Central International League
- Classification: Class C (1912)
- Sport: Minor League Baseball
- First season: 1912
- Folded: 1912
- Replaced by: Northern League
- President: Henry A. Blume (1912)
- No. of teams: 8
- Country: United States of America Canada
- Most titles: 1 Duluth White Sox (1912)

= Central International League =

US-Canada baseball league (1912–1912)

The Central International League was a four–team minor baseball league that played in 1912. A Class C level league, the Central International League played only the 1912 season, with the Duluth White Sox winning the league championship. In 1913, the league expanded and was renamed to become the Northern League.

==History==
It featured four teams: the Duluth White Sox, Superior Red Sox, Grand Forks Flickertails and Winnipeg Maroons.
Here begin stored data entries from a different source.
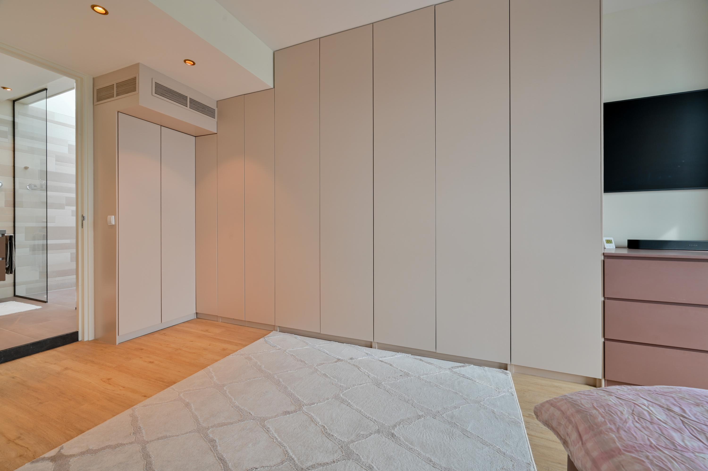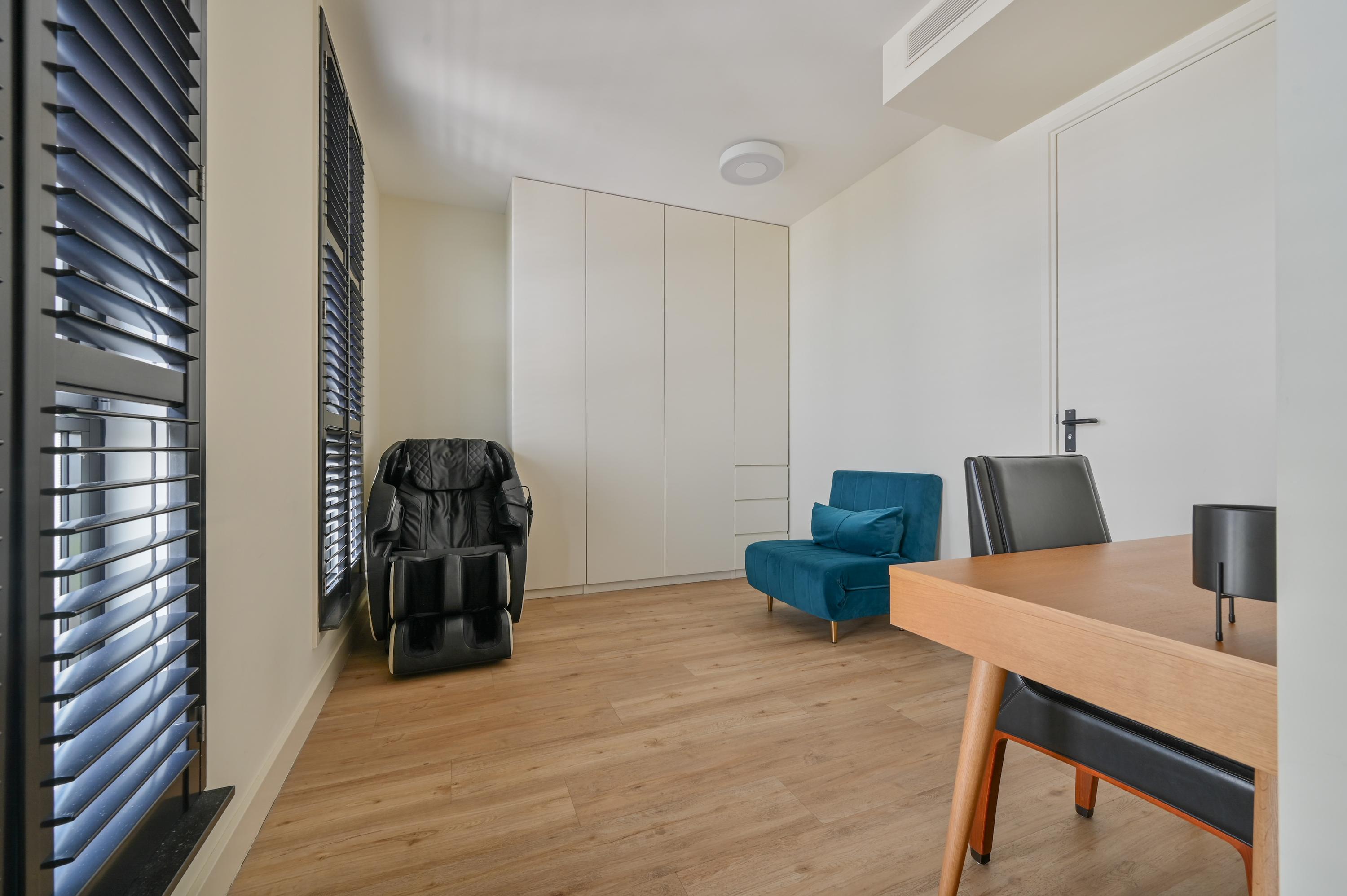 The first floor accommodates four bedrooms and two bathrooms, each equipped for year round comfort with air conditioning and abundant natural light. The ensuite master features a bespoke wardrobe and elegant bathroom, designed with light tiles, double shower, and advanced fixtures. A practical utility room, intelligent storage solutions, and a dedicated study ensure functionality without compromise.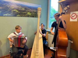 Welch ein zauberhaftes „Kleines Konzertchen“ der 1m Klasse im Pfarrsaal Eibiswald! Schon im Foyer sorgte das Volksmusikensemble für eine stimmungsvolle Einstimmung.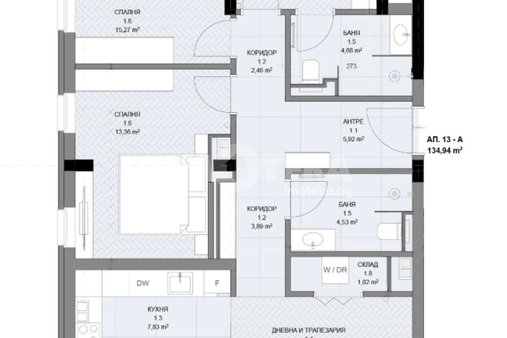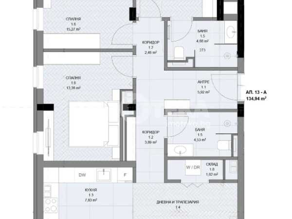 Многостаен апартамент със следното разпределение: коридор, дневна с кухненски бокс, три спални , две бани с тоалетна и две тераси.

Duluth won the league's championship in 1912, with a record of 58–41. Superior (51–54) placed second, ten games behind. Grand Forks (50–55) was third and Winnipeg (50–59) was last. In 1913, the league expanded to include clubs in Minneapolis, St. Paul, Virginia, and Winona, Minnesota, and its name changed to the Northern League.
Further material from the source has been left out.